Algumas perguntas ficaram maiores que algumas respostas. Releve-se. É uma paulista que fala muito entrevistando um mineiro. Talvez, a resposta mais curta de Aluizer seja a que me deixa mais feliz, quando pergunto se podemos esperar material inédito dos Mutantes.
Já disse a ele pessoalmente e vou continuar dizendo, talvez até o fim da vida, que sempre me faltarão palavras para agradecer a enorme felicidade que vivi no dia 6 de março de 2007, quando vi Mutantes ao vivo pela primeira vez. Mas agradeço mesmo assim, e agora agradeço também pela gentileza com este humilde blog.
Senhoras e senhores, com vocês, o homem que fez acontecer, o mago Aluizer Malab.
Alessandra - Os Mutantes acabam de voltar de uma turnê pelo exterior. Desde que voltaram a se reunir, esta é a terceira viagem para fora do Brasil, ou seja, os Mutantes tocaram mais no exterior do que aqui. Por quê?
Aluizer - Na verdade, não tocaram mais fora. A turnê brasileira começou em fevereiro. O primeiro show foi aberto no aniversário de São Paulo e, em fevereiro, começamos a percorrer o Brasil, pelo Rio de Janeiro. Interrompemos o trabalho para aproveitar o verão no exterior. Agora, retomaremos o Brasil.
Alessandra - Como tem sido a receptividade do público estrangeiro aos Mutantes? Boa parte dos shows lá fora tem ocorrido em festivais, junto com outras bandas. Essa comparação imediata é boa para os Mutantes?
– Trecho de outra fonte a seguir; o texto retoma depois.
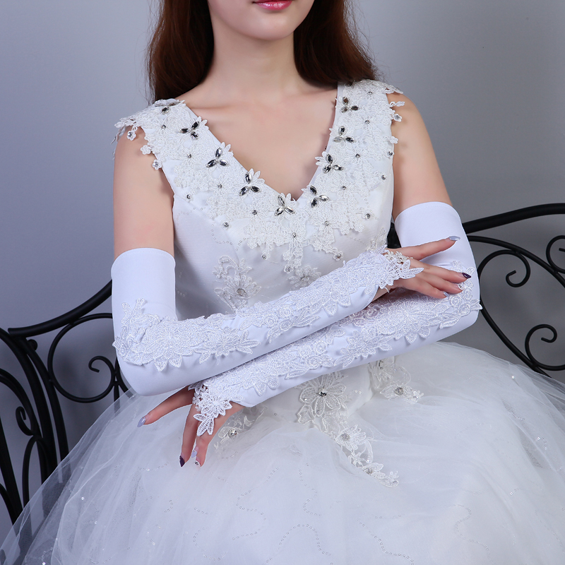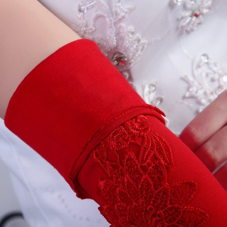New Bride Wedding Ticking Lace Red White Wedding Gloves Autumn Winter Long Version Plus Suede Thickened With Elbows Gloves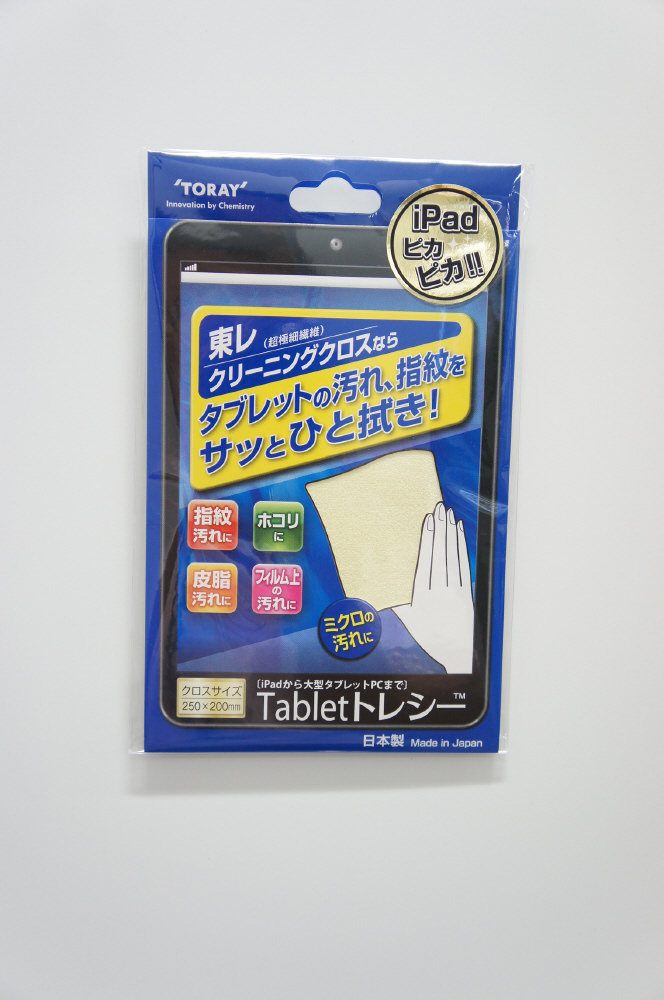 東レの高分子化学技術により実現した直径約2ミクロンの長極細繊維のクリーニングクロス。超極細繊維によりタブレットの汚れ・指紋もキレイに!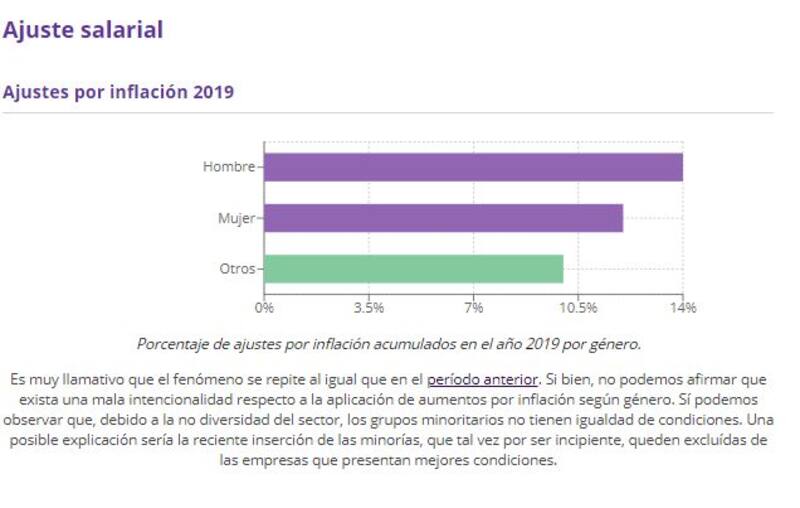 En términos de ajuste salarial. Según los datos, a los hombres se les ajustó el salario en un 14% mientras que a las mujeres en un 12%. En este sentido, la demografía de la encuesta revela que un 85% de las respuestas corresponden a hombres mientras que un 14% a mujeres (la categoría "otros" se correspondió con el 0,43% de las respuestas).

Aluizer - A receptividade tem sido maravilhosa, de público e imprensa. Tentamos aproveitar ao máximo o período fora. Por isso, os festivais, mas são muitos shows somente dos Mutantes, também. A banda está na ativa e não vejo porque ficar fora desses festivais. Temos feito shows com vários grupos também importantes. Há uma vantagem enorme de público e mídia nos festivais.
Alessandra - E qual tem sido a repercussão junto à mídia no exterior?
Aluizer - Os Mutantes têm sempre amplo espaço. Em Nova York, por exemplo, tivemos duas grandes matérias no New York Times, sendo uma capa.
Alessandra - Os Mutantes voltaram, em 2006, com um CD e um DVD gravados ao vivo em Londres. Voltaram em uma época de evidente crise do mercado fonográfico. A repercussão da volta dos Mutantes foi grande na mídia. Mas e em termos de vendas? O CD e o DVD venderam bem ou os Mutantes são como aqueles artistas da Vanguarda Paulistana dos anos 80, como Arrigo Barnabé e Itamar Assumpção, que muita gente ouviu falar, mas pouca gente ouviu cantar?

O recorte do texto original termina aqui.